The results of this study are presented using descriptive statistics, such as arithmetic mean and standard deviation. The two-tailed unpaired Student’ t test was used to compare means between the two groups. It was considered that 95% confidence interval contains the true difference between the means (P < 0.05). An F test was performed to prove that the data came from two groups that have identical standard deviations (and thus identical variances). The computer program used was Graphpad-Prism version 6.0e (La Jolla, CA, United States) for Mac OS X, 2015, and WinMDI 2.9 was used for flow cytometry. The statistical analyses were reviewed by a biomedical statistician. The IHC and optical microscopy were based on observational evaluation by an expert.
Plasma ALT and AST levels were significantly higher in the EDG than in the CDG. The mean ALT in the EDG was 61.70 ± 4.16 U/L compared with 28.10 ± 4.06 U/L in the CDG (P < 0.0001). AST in the EDG was 238.30 ± 15.85 U/L and 179.20 ± 13.86 U/L in the CDG (P = 0.0117).
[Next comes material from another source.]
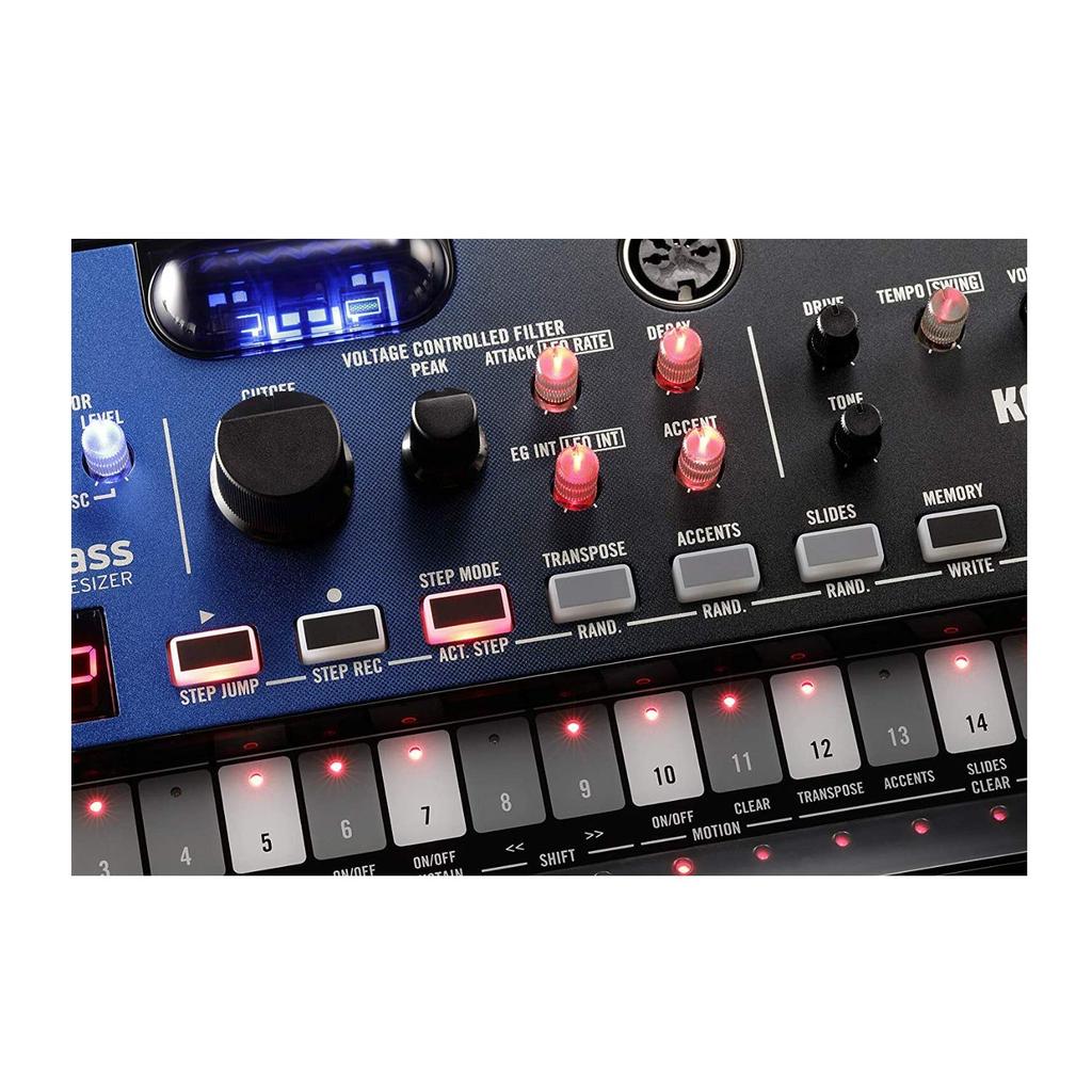 KORG volca nubass synthesizer bass machine with Nutube vacuum tube circuitry, a 16-step sequencer, built-in speaker, and headphone compatibility.

Flow cytometry revealed a significantly higher percentage of nonviable cells in the EDG compared with the CDG (30.85% ± 2.20% and 13.22% ± 1.43%, respectively; P < 0.0001).
In the EDG, the percentages of nonviable cells were 11.67% ± 1.12% for early apoptosis, 12.07% ± 1.11% for late apoptosis, and 7.11% ± 0.44% for non-apoptotic death. In the CDG, the comparable values were 3.73% ± 0.50% for early apoptosis, 5.67% ± 0.72% for late apoptosis, and 3.82% ± 0.28% for non-apoptotic death (Figure (Figure11).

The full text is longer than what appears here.